Total Lesson Time: Activity #1 is 45 minutes. Activities #2 and #3 are 60 minutes each.
Learning Objectives:
- LLMs can be fine-tuned on specific datasets to improve performance for particular tasks, but this can introduce personal bias (Activity #1)
- Tuning is done by human raters, who rate model output based on criteria, which can introduce bias (Activity #2)
- Human ratings are used to create a reward model, which trains the LLM to produce human-like language (Activity #3)
Vocabulary Introduced: fine-tuned, personal bias, human raters, reward model
Pacing for Activity #1
- Opening (5 min)
- Mini-lesson: tuning (5 min)
- Writing activity (10 min)
- Gallery Walk (10 min)
- Connection & Discussion (10 min)
- Closing (5 in)
Pacing for Activity #2
- Opening (10 min)
- Mini-lesson: feedback policies (10 min)
- Reward policy activity (10 min)
- Gallery Walk (10 min)
- Connection & Discussion (10 min)
- Closing (10 min)
Pacing for Activity #3
- Opening (10 min)
- Mini-lesson: Reinforcement learning with human feedback (RLHF) (10 min)
- RLHF activity (20 min)
- Reflection & Discussion (10 min)
- Closing (5 min)
Planning Guide
Preparation Needed: 15-20 minutes for each activity
Prep Needed for Teaching Activity #1 In-Person
- Practice interactions with distilgpt2/small for class demonstration.

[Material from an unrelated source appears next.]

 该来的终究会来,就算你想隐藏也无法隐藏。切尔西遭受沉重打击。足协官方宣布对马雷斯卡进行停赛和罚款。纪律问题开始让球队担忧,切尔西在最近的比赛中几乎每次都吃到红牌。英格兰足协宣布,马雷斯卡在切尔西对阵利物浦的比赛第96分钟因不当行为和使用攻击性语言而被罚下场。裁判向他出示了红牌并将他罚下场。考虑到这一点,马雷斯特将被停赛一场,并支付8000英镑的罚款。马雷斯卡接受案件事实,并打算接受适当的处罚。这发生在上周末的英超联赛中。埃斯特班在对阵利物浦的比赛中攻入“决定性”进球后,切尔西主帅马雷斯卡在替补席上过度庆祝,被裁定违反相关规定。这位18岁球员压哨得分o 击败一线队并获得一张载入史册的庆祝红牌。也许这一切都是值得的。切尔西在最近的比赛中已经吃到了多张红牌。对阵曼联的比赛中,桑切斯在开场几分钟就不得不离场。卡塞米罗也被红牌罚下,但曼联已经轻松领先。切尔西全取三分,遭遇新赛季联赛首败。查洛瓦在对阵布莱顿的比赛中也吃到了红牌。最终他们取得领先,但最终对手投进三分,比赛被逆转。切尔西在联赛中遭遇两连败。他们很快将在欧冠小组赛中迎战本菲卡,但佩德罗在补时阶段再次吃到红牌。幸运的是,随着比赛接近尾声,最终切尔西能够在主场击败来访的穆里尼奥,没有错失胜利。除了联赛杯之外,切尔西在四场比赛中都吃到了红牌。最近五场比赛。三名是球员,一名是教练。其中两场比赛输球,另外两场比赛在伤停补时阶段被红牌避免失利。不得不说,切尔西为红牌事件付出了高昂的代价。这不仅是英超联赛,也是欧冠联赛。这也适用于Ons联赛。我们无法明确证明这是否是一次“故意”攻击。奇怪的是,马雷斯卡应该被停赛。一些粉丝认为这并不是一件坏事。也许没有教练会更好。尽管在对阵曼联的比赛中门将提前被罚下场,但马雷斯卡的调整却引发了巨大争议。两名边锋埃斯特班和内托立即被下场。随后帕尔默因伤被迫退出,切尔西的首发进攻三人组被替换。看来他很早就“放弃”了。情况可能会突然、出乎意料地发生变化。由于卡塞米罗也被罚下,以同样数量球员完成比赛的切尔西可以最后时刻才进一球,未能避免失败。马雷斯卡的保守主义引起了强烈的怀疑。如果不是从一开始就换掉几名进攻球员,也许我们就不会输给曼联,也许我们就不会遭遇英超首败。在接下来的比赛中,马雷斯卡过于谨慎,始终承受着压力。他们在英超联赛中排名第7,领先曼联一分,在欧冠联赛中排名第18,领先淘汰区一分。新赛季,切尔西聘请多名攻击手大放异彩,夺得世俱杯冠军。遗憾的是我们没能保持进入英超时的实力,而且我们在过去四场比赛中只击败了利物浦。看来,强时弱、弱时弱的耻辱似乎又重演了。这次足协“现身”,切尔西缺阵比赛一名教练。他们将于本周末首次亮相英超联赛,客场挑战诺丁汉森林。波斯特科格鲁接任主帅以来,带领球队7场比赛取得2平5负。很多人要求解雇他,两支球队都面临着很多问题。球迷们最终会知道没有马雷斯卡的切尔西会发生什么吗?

- Prepare writing materials for the class. These could be for either typing or hand-written work depending on your preferences for your class.
- Prepare the room for a gallery walk so that students can view each other's writing.
Prep Needed for Teaching Activity #2 In-Person
- Reward Policy worksheet and scorecard (or grid paper to make one's own) available to partners to complete in pairs.
Prep Needed for Teaching Activity #3 In-Person
- Students will need access to their writing from Activity #1 and their Reward Policy from Activity #2.
- Students should be able to work on Activity #3 with a partner (the same partner as Activity #2 or a different one depending on your preferences for your class).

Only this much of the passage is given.